Task goal: Drop every image, then reproduce the data exactly as given.

Data block:
------------

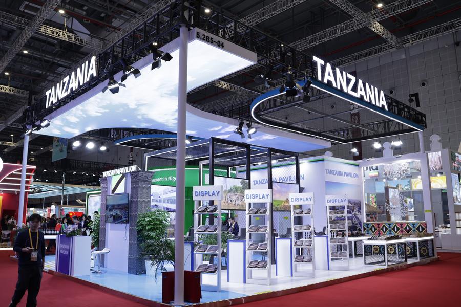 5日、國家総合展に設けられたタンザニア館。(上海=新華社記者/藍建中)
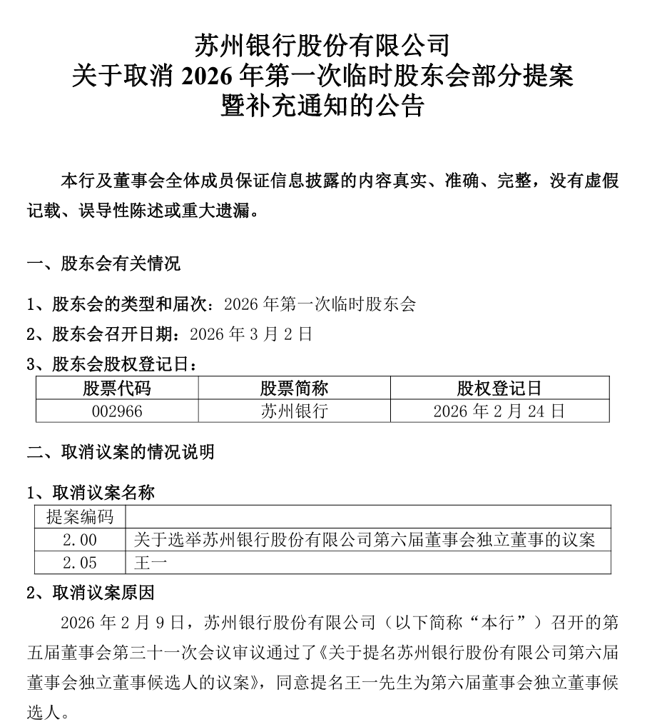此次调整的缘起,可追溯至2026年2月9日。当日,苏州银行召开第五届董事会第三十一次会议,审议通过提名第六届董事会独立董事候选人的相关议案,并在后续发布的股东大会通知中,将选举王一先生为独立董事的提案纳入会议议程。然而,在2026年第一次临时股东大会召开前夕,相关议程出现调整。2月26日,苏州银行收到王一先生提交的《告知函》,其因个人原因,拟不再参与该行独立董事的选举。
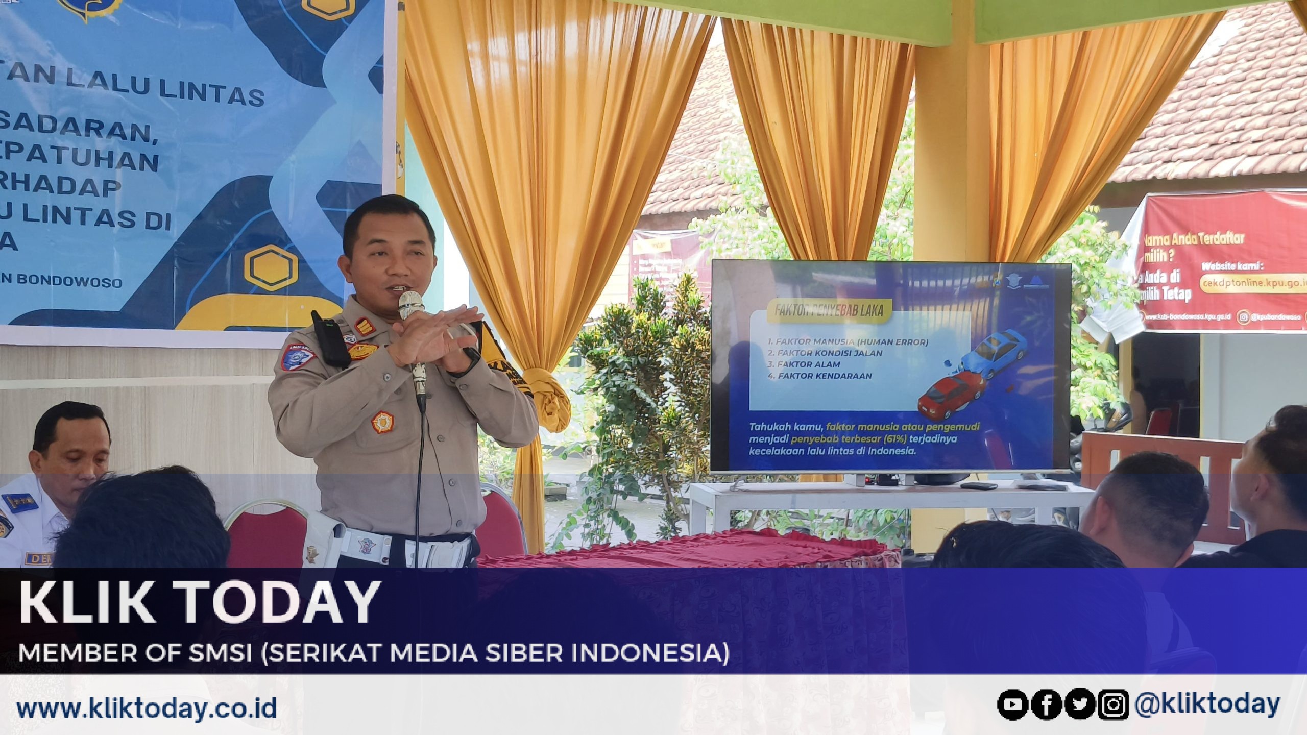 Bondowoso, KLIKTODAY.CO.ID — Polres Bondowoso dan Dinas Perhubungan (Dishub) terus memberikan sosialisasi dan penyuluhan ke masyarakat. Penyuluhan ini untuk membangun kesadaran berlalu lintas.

------------

Response:
 5日、國家総合展に設けられたタンザニア館。(上海=新華社記者/藍建中)
此次调整的缘起,可追溯至2026年2月9日。当日,苏州银行召开第五届董事会第三十一次会议,审议通过提名第六届董事会独立董事候选人的相关议案,并在后续发布的股东大会通知中,将选举王一先生为独立董事的提案纳入会议议程。然而,在2026年第一次临时股东大会召开前夕,相关议程出现调整。2月26日,苏州银行收到王一先生提交的《告知函》,其因个人原因,拟不再参与该行独立董事的选举。
 Bondowoso, KLIKTODAY.CO.ID — Polres Bondowoso dan Dinas Perhubungan (Dishub) terus memberikan sosialisasi dan penyuluhan ke masyarakat. Penyuluhan ini untuk membangun kesadaran berlalu lintas.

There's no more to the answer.